DATA SHOWN -
▶
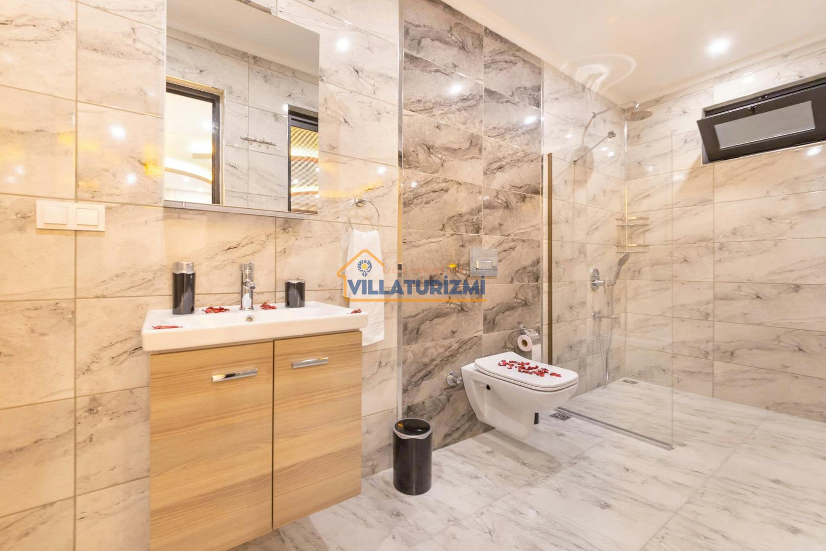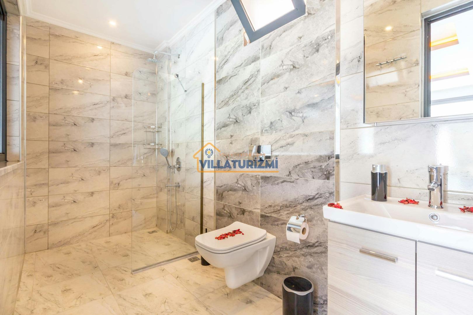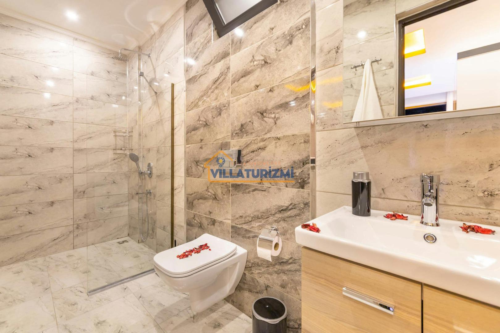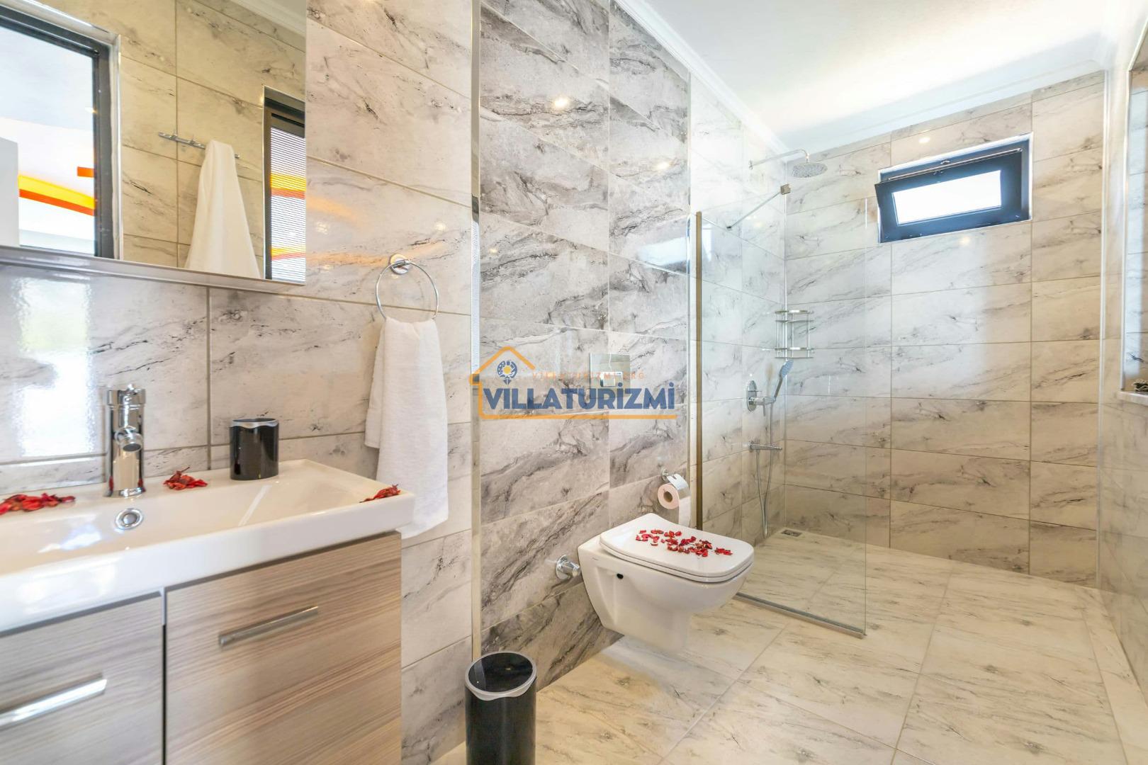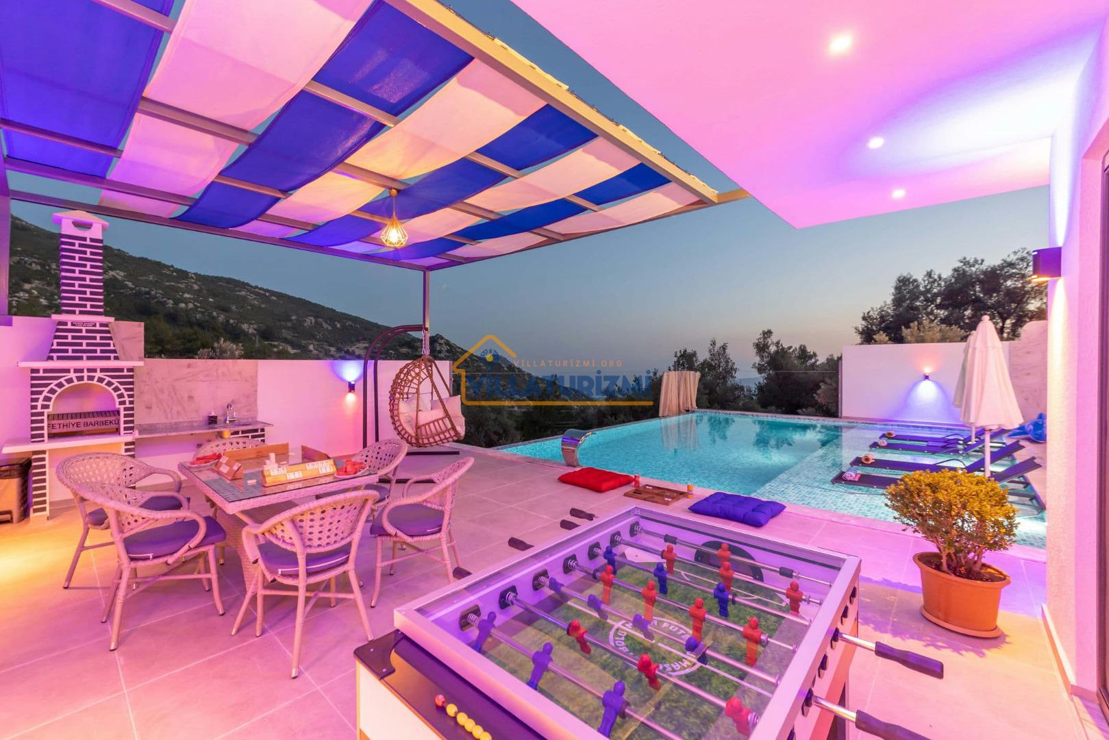 Villa'nın sahip olduğu özel korunaklı havuzu, misafirlere büyüleyici bir manzara eşliğinde yüzme keyfi yaşatmaktadır. Havuzun etrafı tamamen korunaklı bir şekilde dizayn edilmiştir; bu sayede tatilinizi daha özel ve mahrem bir ortamda geçirme fırsatına sahip olmaktasınız. Özellikle balayı çiftleri için düşünülmüş bu korunaklı alan, dışarıdan hiçbir gözün sizi rahatsız edemeyeceği bir tatil deneyimi sunmaktadır. Eşinizle birlikte romantik anlar yaşayabileceğiniz bu özel alanda, tatilin tadını çıkarabilirsiniz.
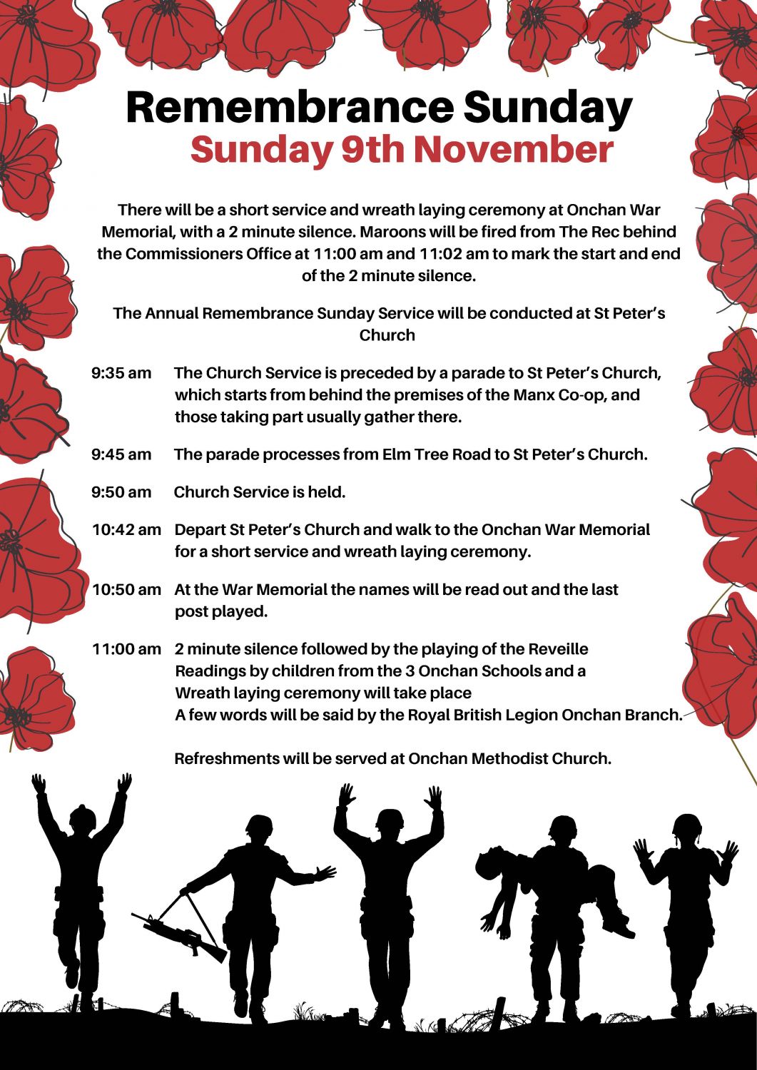 There will be short service starting at 10:45 am at the Onchan War Memorial with a two minute silence. A child from each of the Onchan ......
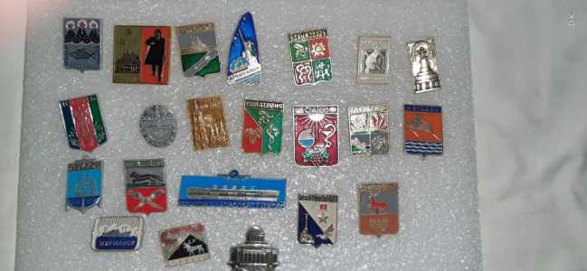 Значки времен СССР тематические "Города". Всего 22 шт. Без торга за 600р.
◀
WORK ORDER - Transcribe the listing in full. Leave the pictures out.

SOLUTION TO THE EXERCISE -
 Villa'nın sahip olduğu özel korunaklı havuzu, misafirlere büyüleyici bir manzara eşliğinde yüzme keyfi yaşatmaktadır. Havuzun etrafı tamamen korunaklı bir şekilde dizayn edilmiştir; bu sayede tatilinizi daha özel ve mahrem bir ortamda geçirme fırsatına sahip olmaktasınız. Özellikle balayı çiftleri için düşünülmüş bu korunaklı alan, dışarıdan hiçbir gözün sizi rahatsız edemeyeceği bir tatil deneyimi sunmaktadır. Eşinizle birlikte romantik anlar yaşayabileceğiniz bu özel alanda, tatilin tadını çıkarabilirsiniz.
 There will be short service starting at 10:45 am at the Onchan War Memorial with a two minute silence. A child from each of the Onchan ......
 Значки времен СССР тематические "Города". Всего 22 шт. Без торга за 600р.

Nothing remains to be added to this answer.